Particularly the case since it's patent portfolios that are valuable more than individual patents. If they had a regular policy of small-percentage royalty share, a company could well end up with a portfolio of 10,000 patents that has maybe 15,000 or 20,000 royalty-share agreements attached to it. That would be hugely more risky to manage than just 10,000 patents owned by the company with no riders attached. For example, say the company wants to sell this portfolio. A sale of the portfolio could potentially be held up by any of those 15,000+ people objecting that the terms prejudice their contractual agreement to a share of revenue. A share of a patent's revenues is a valuable quasi-ownership interest guaranteed by some contract terms, so any sales or other dealings that might impact it could be challenged by the contract holder. Even if any challenge is ultimately unsuccessful, having your portfolio encumbered by tens of thousands of people with some kind of claim on it is undesirable.
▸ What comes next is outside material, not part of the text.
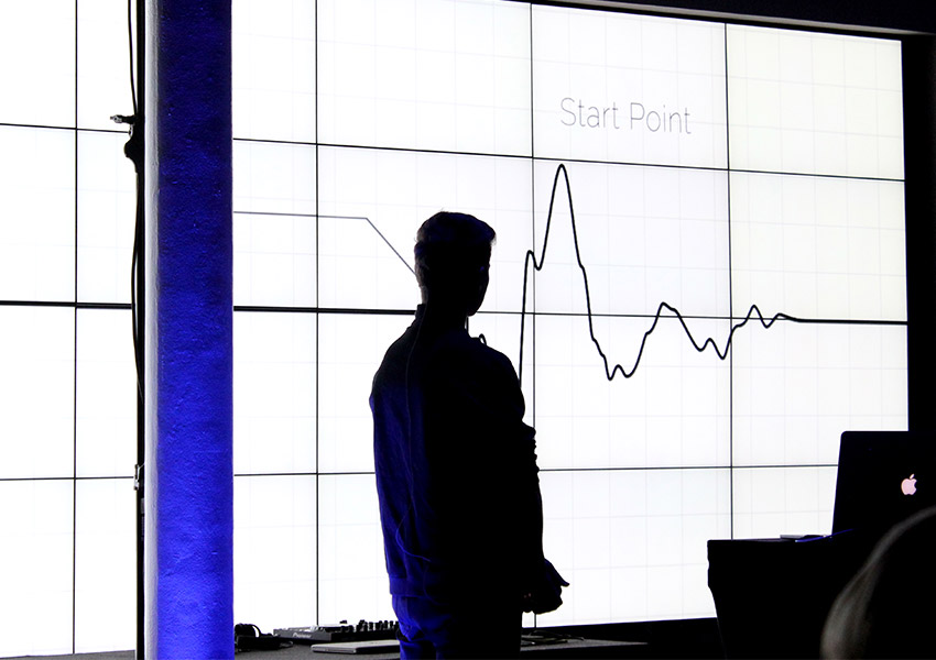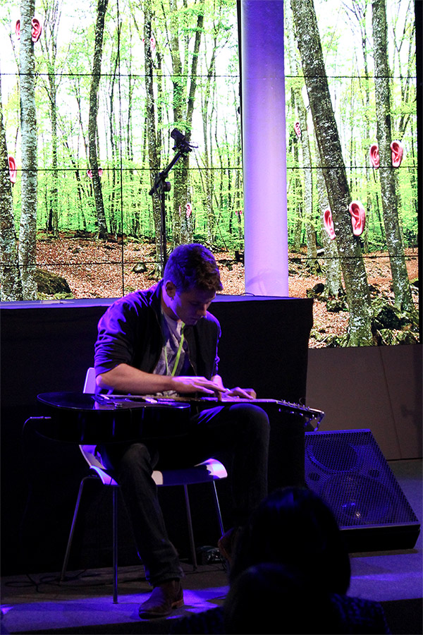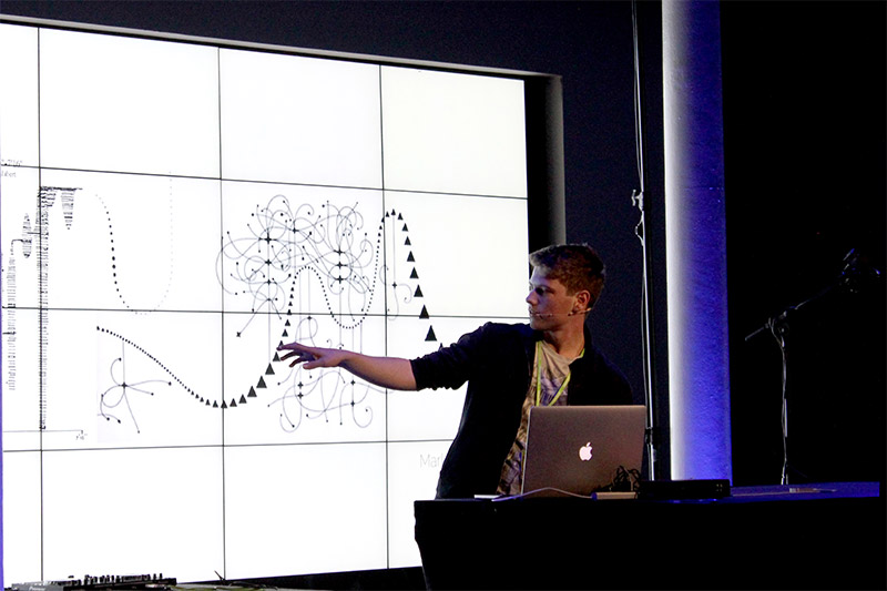 El proyecto que le ha llevado a participar en Sónar +D, sin embargo, es «Contact: Augmented Acoustics«, una instalación que permite convertir cualquier superficie táctil en un instrumento musical. Gracias a micrófonos y análisis de ondas de reconocimiento de golpes sobre una superficie, la instalación crea sonidos en respuesta a esos golpes. Es este un proyecto que explora el sentido del tacto y el oído uniendo lo analógico y lo digital, una interacción entre hombre y tecnología para crear sonidos que se pueden ver y tocar. Músico, arquitecto y coder creativo, Faire explora el movimiento de las ondas sonoras en el espacio utilizando el tacto, con el que genera sonidos nuevos a través de la resonancia de los mismos. Estos sonidos amplificados crean imágenes que representan el baile de esas ondas. Con ello, hace tangible la belleza de lo intangible, representando gráficamente algo tan etéreo como la música. [FOTOS: AnTruan]

It's the same story in US too. Many startups are desperate to build a patent portfolio. Those who can afford the lawyer fee, throw out big incentives to employees to patent left & right. Much of the stuff is crass. After a while I started hating the patent process at my work places (respected, popular companies).


Interesting. So they do have a reward system built in for employees as incentive to submit these 'drafts'. In addition to management routinely asking/encouraging this practice. Not surprising I guess, but nice to bring some specific details to light. Good on you.


I have not, but was on teams/worked with people that had submitted and were awarded patents. These weren't scientists or researchers. One was not even a developer. I hate to give too many details, as litigious as this "beast" (your word, good description) is, but I would say that a very large percentage are just junk/obvious crap. There are quite a few divisions within IBM and some are obviously very much dedicated to research and high-end engineering (e.g. IBM Almaden). You would expect patents coming from there. However, when practitioners in services divisions "reinvent" the wheel on something trivial, document it sufficiently and vaguely enough (especially after it has been through cycles of lawyer-ese) ... and patents are issued, it is laughable.

Here is an example of one that is not exactly it (for reason stated above), but similar enough to illustrate absurdity: Think of a Firefox plug-in that would let you right-click at a certain point on a long web page (e.g. on a word, a highlighted paragraph, anyplace .. that is a couple pages down on a long news article) and choose "Bookmark". This would save a "Bookmark" to your toolbar that you could later click and it would not only take you to the web page, but also scroll you to the exact spot you were at before on the page.

This type of stupid simple functionality ... would actually be patented by IBM. Yes .. that functionality had already really existed in one form or another, from multiple methods, yet ... no other company had the absurd gall and audacity to try to actually patent it. You would now search this patent # on USPTO.gov and read it and be amazed at how absurdly abstract and broad this vague function would be described. I would guess it would take you 10-15 minutes of reading and deciphering to even begin to realize what it was for (and would be as stupid simple as what I mentioned above). This is IBM's patent machine.

I can't speak for IBM's research divisions, but I know of no quota for other IBM practitioners (say in one of their services divisions). It is a "badge of honor" in someways (or so they think for some of those folks that submit this stupid crap) as you do have a "Patents" section on the internal profile intranet where it lists if you are a (co)-creator of any patents. Of they hundreds I've seen on people's profile, I don't recall seeing anything meaningful. Mostly of the type that we talk about in places like this as "Patent Troll" material.


There are quite clearly quotas dictated from above, typically because IBM wants to win the "patent race" every year. If they feel Intel/Samsung/ContenderX will file more/fewer during the year, they adjust the pace, and your idea will be (de-)prioritized accordingy. This being said, patents are generally not entirely vacuous, as they come out of things that researchers are, in fact, working on.